Global sugar prices will hover around 11 to 14 cents per pound in the year to September 2008 despite weak fundamentals as funds support prices, a top official at the International Sugar Organisation said on Wednesday.
Sugar prices collapsed from a 20-year high of 19 cents a lb in early 2006 to about 9 cents in mid-2007, mainly because of higher production in India, the world's biggest sugar producer after Brazil.
"The fundamentals are bearish, but the investment funds are active and they consider sugar undervalued," ISO Executive Director Peter Baron told Reuters in an interview on the sidelines of the Asia International Sugar Conference in Mumbai.
Buoyed by hedge fund buying, prices hit a 19-month high of 15 cents a lb in early March but dropped on March 20 to an 11-week low of around 11 cents as funds pulled out.
Prices have recovered now to around 12 cents after small investment funds started to buy. "There is a justification for funds to go for sugar as they believe the commodity is undervalued. Funds are keeping the market at reasonable levels," Baron said, adding they would continue investing in the commodity for the foreseeable future.

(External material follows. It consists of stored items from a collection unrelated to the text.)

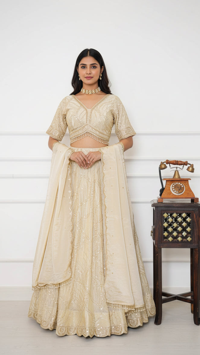 The blouse is designed to complement the lehenga flawlessly, with delicate back tie tassels that add a hint of charm. It includes padded cups for support and comfort, along with extra fabric for easy resizing to achieve a perfect fit. The ensemble is finished with a lightweight dupatta featuring a finely embroidered border, bringing the entire look together with grace. Perfect for weddings, receptions, or festive occasions, this lehenga set blends modern sophistication with timeless beauty.
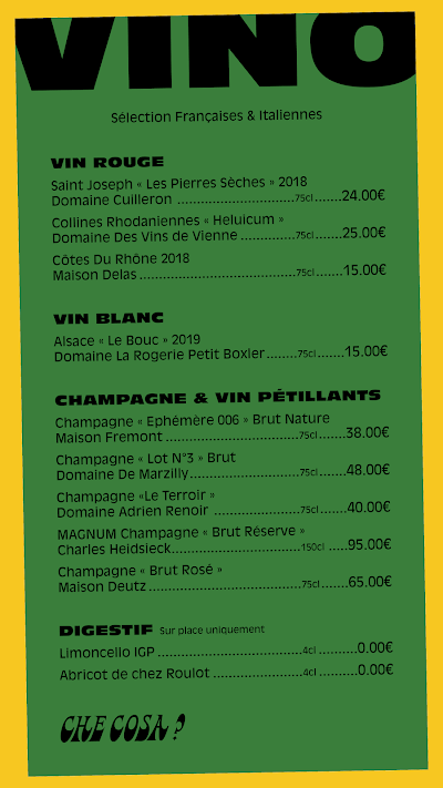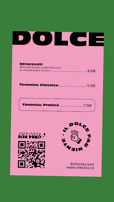 Bienvenue au restaurant Che Cosa qui se situe au Place du Commandant Arnaud. Ce restaurant est noté 5/5 sur notre site internet. Découvrez Che Cosa et dites nous ce que vous pensez à travers des commentaires et des photos !
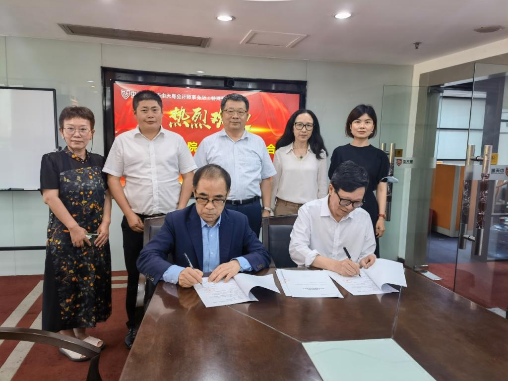 交流会结束后,郭银华执行校长与郭少元所长共同签署了广东中天粤会计师事务所(特殊普通合伙)、广东中天粤税务师事务所有限公司、广州市中和企业管理咨询有限公司、中天粤财审大数据技术(广州)有限公司四份校外实践教学基地合作协议书,并授予“304AM永利集团实践教学基地”牌匾。
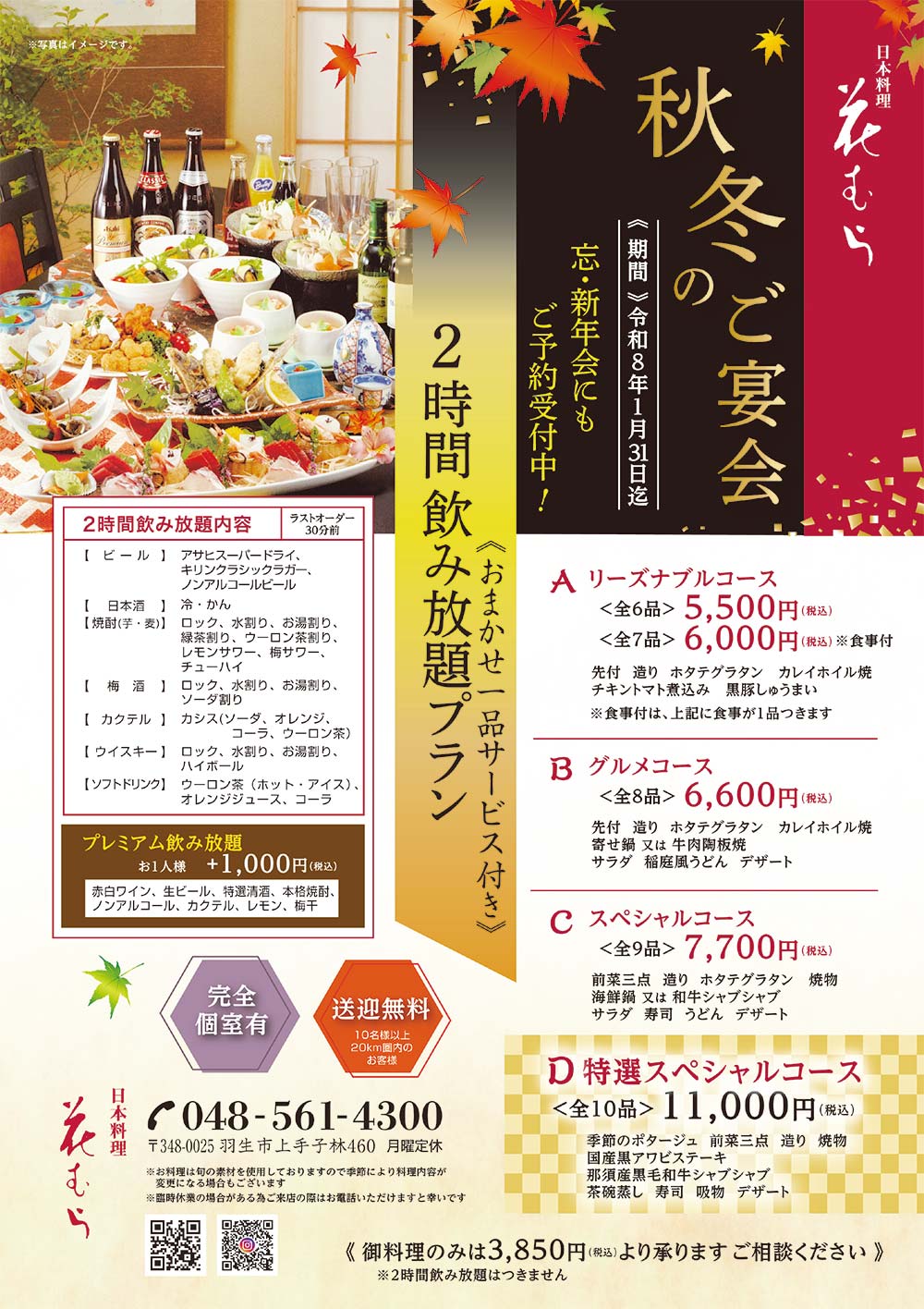 秋冬のご宴会予約受付中です2026年1/31まで ※クリックで拡大画像が表示されます 葬儀・法事のお弁当のご注文承ります 個室のご案内 ランチ 滋味あふれる会席ランチ膳と定食。 ディナー 四季折々の旬な食材を使ったお料理をご提供 葬儀・法事コース 偲ぶこころ、感謝の「ありがとう」をかたちに。 法事弁当 初七日・四十九日・三回忌・七回忌・お通夜などの会食に。 求人情報 会席コース 四季を存分に味わう花むら自慢の季節会席。 祝事コース 慶びの日を彩る、花むらの祝事料理。 お子様料理 お子様向けのお料理をご用意しております。 お持ち帰り弁当 花むらがまごころ込めてお作りするお弁当 求人情報

He said funds have also started investing in production facilities in Brazil and they have no plans to exit in the near term. "Had funds not been investing in sugar, prices would have been much, much lower due to oversupply in world markets," Baron said.

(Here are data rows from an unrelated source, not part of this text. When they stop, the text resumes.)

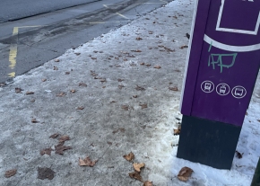 Összefirkált, koszos szemetes a Gönczy Pál Általános Iskola előtt.
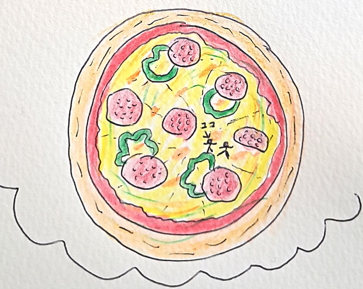 猫のミケランジェロ 過去絵がまたあったのでのせておきます(*´▽`*) #猫のミケランジェロ #過去絵を投げて絵を描いた気になろうキャンペーン #柴犬 #ピザ #イラスト好きと繋がりたい #絵描き #猫
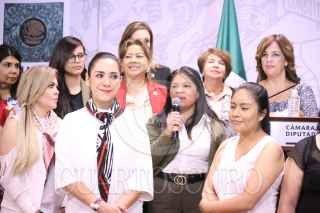 CIUDAD DE MÉXICO, 24ABRIL2019.- Marcelina Bautista Bautista, representante del Centro de Apoyo y Capacitación para Empleadas del Hogar (CACEH), acompañada por las diputadas Lorena Villavicencio Ayala y Wendy Briceño Zuloaga, Presidenta de la Comisión de Igualdad de Género de la Cámara de Diputados, ofrecieron una conferencia de prensa sobre el dictamen que aprobó el Senado, en el que se establece seguridad social a las personas trabajadoras del hogar. FOTO: CUARTOSCURO.COM
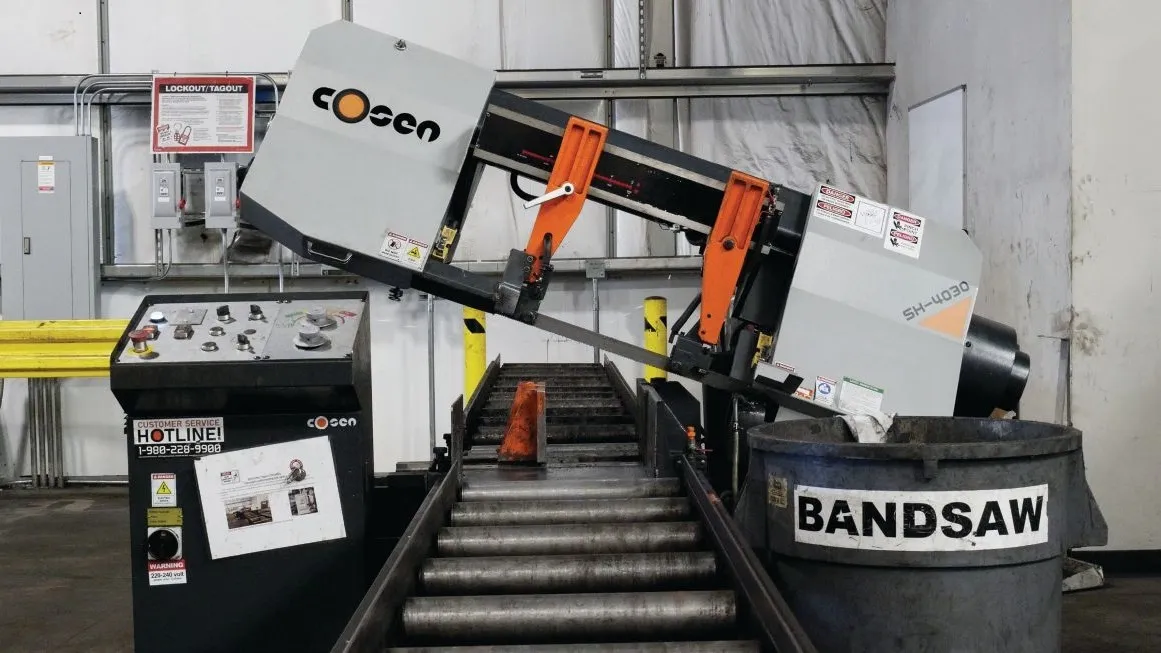 Allen concurs. “For areas like our tube cutting, we installed the Cosen band saws to gain that efficiency just because the saws cut very well. They cut quickly. They’re reliable. Their downtime is little to none.”
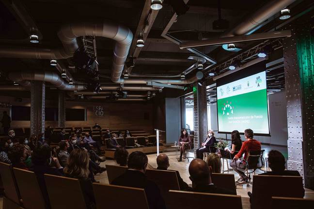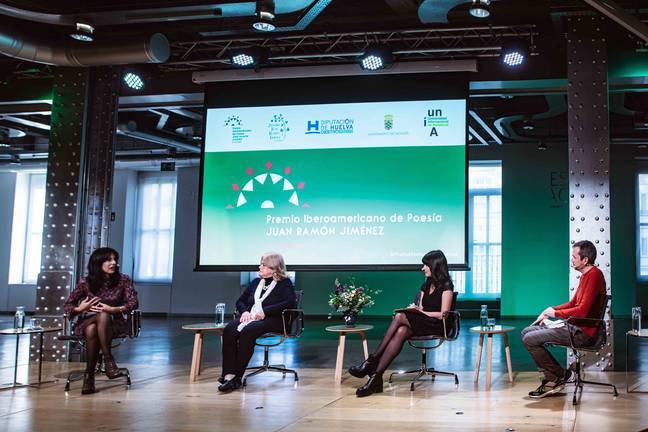 A continuación, en la Fundación Telefónica se ha presentado la XLII edición del Premio Iberoamericano de Poesía Juan Ramón Jiménez, en un acto presidido por el Vicepresidente de la Diputación Provincial de Huelva, Don Juan Antonio García; el Alcalde de Moguer y vicepresidente de la Fundación Zenobia-Juan Ramón Jiménez, D. Gustavo Cuéllar, y Dña. Carmen Hernández-Pinzón, sobrina nieta del nobel onubense; y presentado por la periodista y escritora Marta Fernández que ha estado acompañada por los poetas Raquel Lanseros e Ignacio Vleming.
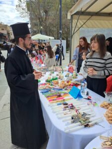 Το πρωί του Σαββάτου του Λαζάρου, 4 Απριλίου 2026, η κεντρική πλατεία της Καρδίτσας γέμισε ζωντάνια και χαρά με την καθιερωμένη ετήσια πασχαλινή εορταγορά του Γραφείου Νεότητας της Ιεράς Μητροπόλεως Θεσσαλιώτιδος και Φαναριοφερσάλων. Στο πλευρό των κατηχητών, τα παιδιά των κατηχητικών σχολείων παρουσίασαν με μεράκι και φαντασία τις χειροτεχνίες τους, δημιουργώντας ένα μοναδικό πασχαλινό κλίμα.
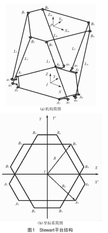并聯(lián)六自由度stewart平臺(tái)運(yùn)動(dòng)系統(tǒng)結(jié)構(gòu)簡(jiǎn)圖如圖1所示。首先建立坐標(biāo)系,1-XyZ為慣性坐標(biāo)系,原點(diǎn)是下平臺(tái)較接點(diǎn)形成的六角形幾何中心。P-XMyMZM為上平臺(tái)坐標(biāo)系,原點(diǎn)為上平臺(tái)質(zhì)心。在動(dòng)坐標(biāo)系中的R'可以通過(guò)坐標(biāo)變換的方式得到慣性坐標(biāo)系中的R:

The ISO in February revised down its forecast for a global sugar surplus in 2007/08 to 9.3 million tonnes from a previous prediction of 11.1 million tonnes made in November.

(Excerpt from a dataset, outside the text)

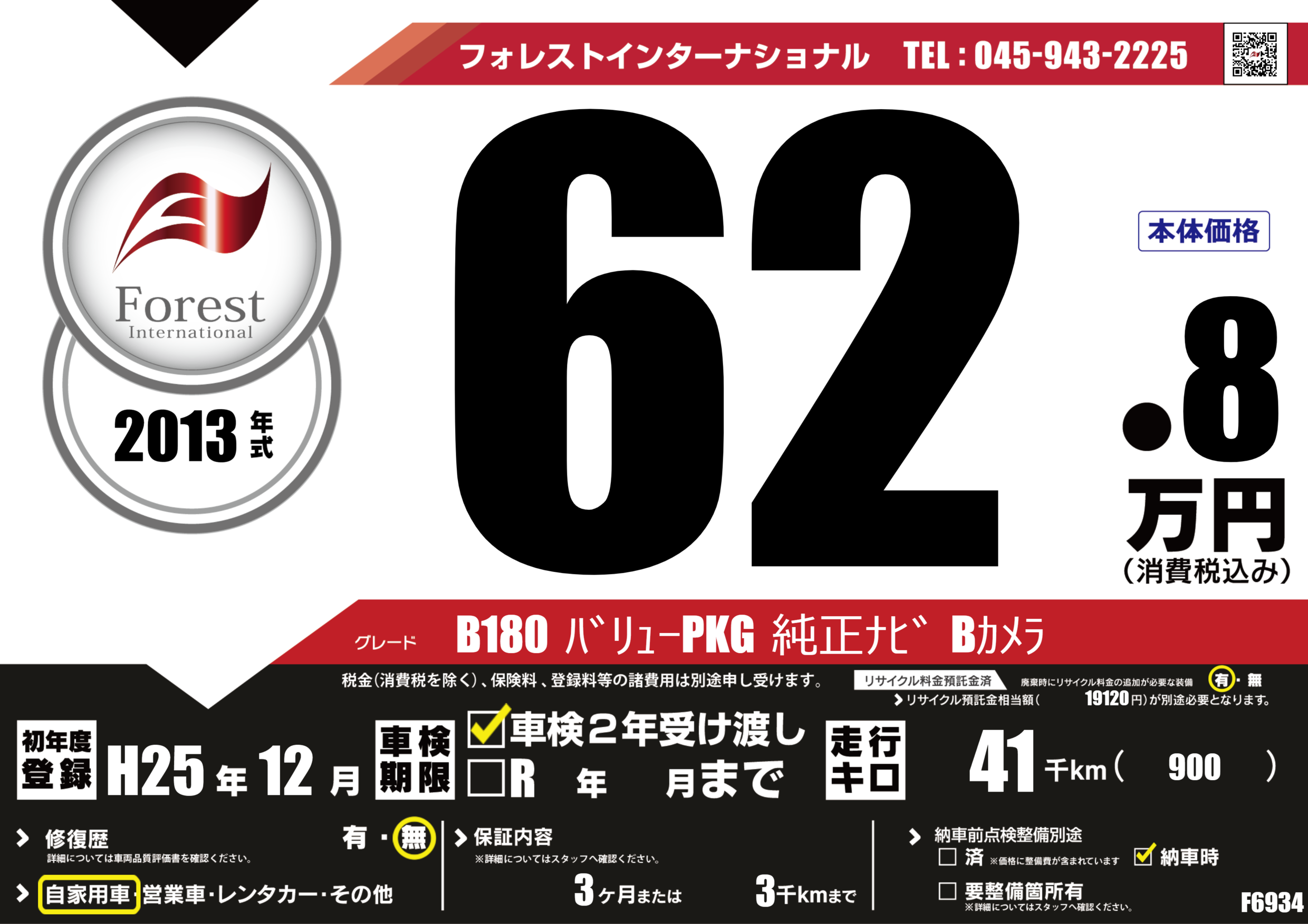 | 走行キロ | 4.1万km | 初年度登録 | H25年12月 |

World sugar production is expected to be 168.4 million tonnes this year, while consumption is estimated at 159.1 million tonnes, he said. "But we are headed for a balanced sugar market next year as more sugarcane will be diverted for ethanol production in Brazil and India will produce less," he said, adding India's production this year was expected to be slightly higher than the current estimates of around 26 million tonnes.